Wohin das Auge im weiten Innenraum auch schweift, bietet die Pullman-Limousine nur Erfreuliches.  Eine perfekte Harmonie von Farben und Materialien schafft die Synthese des pergamentfarbenen Leders mit dem rötlich schimmernden Makassar Ebenholz und den dunkelblauen, mit pergamentfarbenen Kedern aus Leder eingefassten Veloursteppichen.  Das originale, zeittypische Steuergerät für die Musikanlage im Frontbereich und im Fond weist auf das späte Baujahr 1978 hin. Das per Komforthydraulik automatisch verfahrbare Schiebedach über dem Fondbereich ermöglicht bei Bedarf das Einlassen von Licht und Sonnenwärme.  Als Sonderausstattungen gelten die im getrennten Fahrgastabteil umlaufenden Gardinen, die das völlige Abschirmen der Passagiere ermöglichen, sowie die abschließbaren Dokumentenfächer in den hinteren Türen.

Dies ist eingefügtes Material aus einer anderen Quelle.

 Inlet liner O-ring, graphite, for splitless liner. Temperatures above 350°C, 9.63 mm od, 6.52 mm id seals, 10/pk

Bei eingeklappter mittlerer Sitzreihe ergibt sich eine mehr als üppig bemessene Beinfreiheit.  Nachdem einer oder beide der mittleren Sitze ausgeklappt und die entsprechende Lehne nach vorne umgelegt bleibt, entsteht bei mittels Komforthydraulik entsprechend justierter Rücksitzbank eine bequeme halb liegende Position mit Beinauflage. Damit nimmt diese Variante des Mercedes-Benz 600 Pullman die später im Maybach 62 angebotene Liegesitzeinrichtung praktisch vorweg.

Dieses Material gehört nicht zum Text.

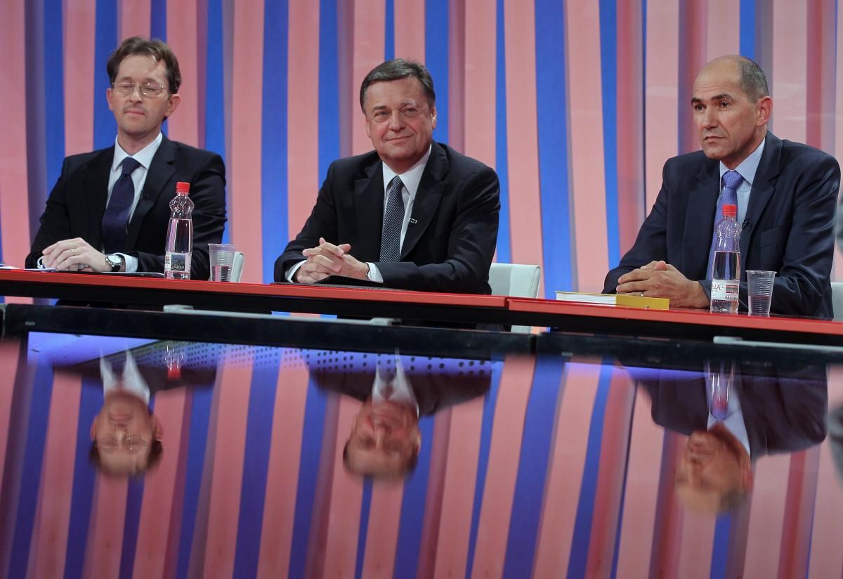 Predsedniki strank, ki imajo na letošnjih parlamentarnih volitvah sodeč po javnomnenjskih anketah največ možnosti za zmago, so se danes soočili v oddaji Pogledi Slovenije na TV Slovenija. Janez Janša, Gregor Virant in Zoran Janković so na soočenju s sindikalisti in gospodarstveniki govorili o tem, kako bi obudili slovensko gospodarstvo.

Der bei entsprechender Handhabung durch den Chauffeur seidenweiche Bewegungsablauf während der Fahrt und die kaum wahrnehmbaren Außengeräusche geben auch heute noch Aufschluss darüber, welcher Grad von Fahrkomfort schon während der 1960er und 1970er Jahre möglich war - und das alles ohne jegliche Elektronik.